A tentativa independentista em curso na Catalunha é encarada por Madrid e por Barcelona segundo óticas totalmente opostas. Para Madrid, o Estatuto de Autonomia em vigor é suficiente para garantir aos catalães uma ampla margem de atuação nos vários domínios da vida social, política e económica. Para Barcelona, ou melhor, para o Presidente da Generalitat, Charles Puigdemont, mas também para Oriol Junqueras, Carme Forcadell, Ada Colau e dirigentes e militantes dos partidos com intenção independentista, a autonomia não chega e, por isso, o afã independentista autoriza o Parlamento da Catalunha a aprovar leis contrárias ao Estatuto.
Como se percebe, o extremar de posições não vai permitir as condições para uma análise menos emotiva e mais racional do processo. Aquela que permitiria uma solução negociada. Por isso, o divórcio, a acontecer no curto prazo, será litigioso. Divórcio que, diga-se, não parece ir acontecer.
Alain Dieckhoff (2001) considera que existem dois fatores que favorecem uma secessão por consentimento mútuo. Um deles prende-se com a existência de um contexto democrático-liberal que possibilite o diálogo e evite o recurso à violência, tanto verbal como física. O outro fator tem a ver com aquilo que designa como “a deliquescência progressiva do centro”, ou seja, com a existência de forças centrífugas que um centro enfraquecido não faz questão de combater.
Um centro que desistiu do projeto comum. Cada uma das partes pode ir à sua vida. Nem é preciso invocar elementos do foro histórico-cultural. A manifestação de vontade é suficiente. Tal como acontece com os casais, basta mencionar a incompatibilidade de feitios ou de projetos de vida.
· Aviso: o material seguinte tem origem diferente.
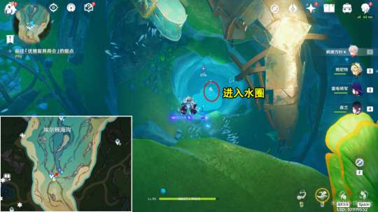 前往艾尔顿海沟,到达下图位置垂直向下游,进入水圈前进

Os parágrafos iniciais mostram que, no caso em apreço, estas condições não estão reunidas, embora a Espanha se assuma como uma democracia. Só que, para a Constituição e para os partidos que dominam a vida política espanhola, designadamente os dois maiores – PP e PSOE -, a Nação espanhola é a pátria comum e indivisível de todos os espanhóis. Por isso, não é de estranhar a reduzida simpatia com que os espanhóis, entre os quais uma parte considerável de catalães, olha para a convocação unilateral do referendo.
Não parece abusivo dizer que entre as razões dessa desconfiança o facto de o referendo ser inconstitucional não se assume como a mais importante. Os cidadãos espanhóis deixam a questão da legalidade para os órgãos próprios. Aquilo que os preocupa é de natureza diferente. Não percebem a razão desta tentativa de secessão. Tal como não compreenderam a razão da luta terroristo-independentista da ETA no País Basco.
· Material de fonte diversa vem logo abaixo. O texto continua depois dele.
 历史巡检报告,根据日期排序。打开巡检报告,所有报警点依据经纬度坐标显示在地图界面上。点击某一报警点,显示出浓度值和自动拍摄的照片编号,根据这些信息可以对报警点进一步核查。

Os espanhóis sabem que a Espanha resultou de um processo de aglutinação muito antigo. Fernando e Isabel, os reis católicos, iniciaram o processo no distante século XV. Só escapou Portugal, com exceção dos sessenta anos de domínio filipino. Desfazer o mosaico de povos quebrará a unidade e acarretará problemas a Espanha e às regiões. Tanto às que desejam a secessão como às que ficam.
Voltando a Dieckhoff, o autor recuperou a perspetiva de Allen Buchanan sobre as doze razões morais que podem justificar o direito à secessão. Desses argumentos sobressaem quatro: o politicídio, o economicídio, o etnomicídio e o genocídio.
Dispondo a Catalunha de uma situação económica invejável no conjunto das regiões de Espanha, o economicídio não pode ser usado como justificação. Quanto às duas últimas razões, enterrado o machado de uma guerra civil que conheceu uma violência desmesurada de ambas as partes, não parece aconselhável acordar os fantasmas.
Resta, portanto, na perspetiva catalã, a questão do politicídio. Algo que está muito longe de consensual tanto a nível de Espanha como da Catalunha onde cerca de metade da população não quer acordar espanhola e, no final do dia, deitar-se catalã.
Voltando à questão económica, a circunstância de a prosperidade da Catalunha resultar da colocação dos produtos catalães na União Europeia e nas outras regiões de Espanha, talvez aconselhe a questionar se a Catalunha não anda à cata de lenha para se queimar.
Como é sabido, o fogo, uma vez iniciado, fica difícil de controlar. Garantidos, só os prejuízos avultados.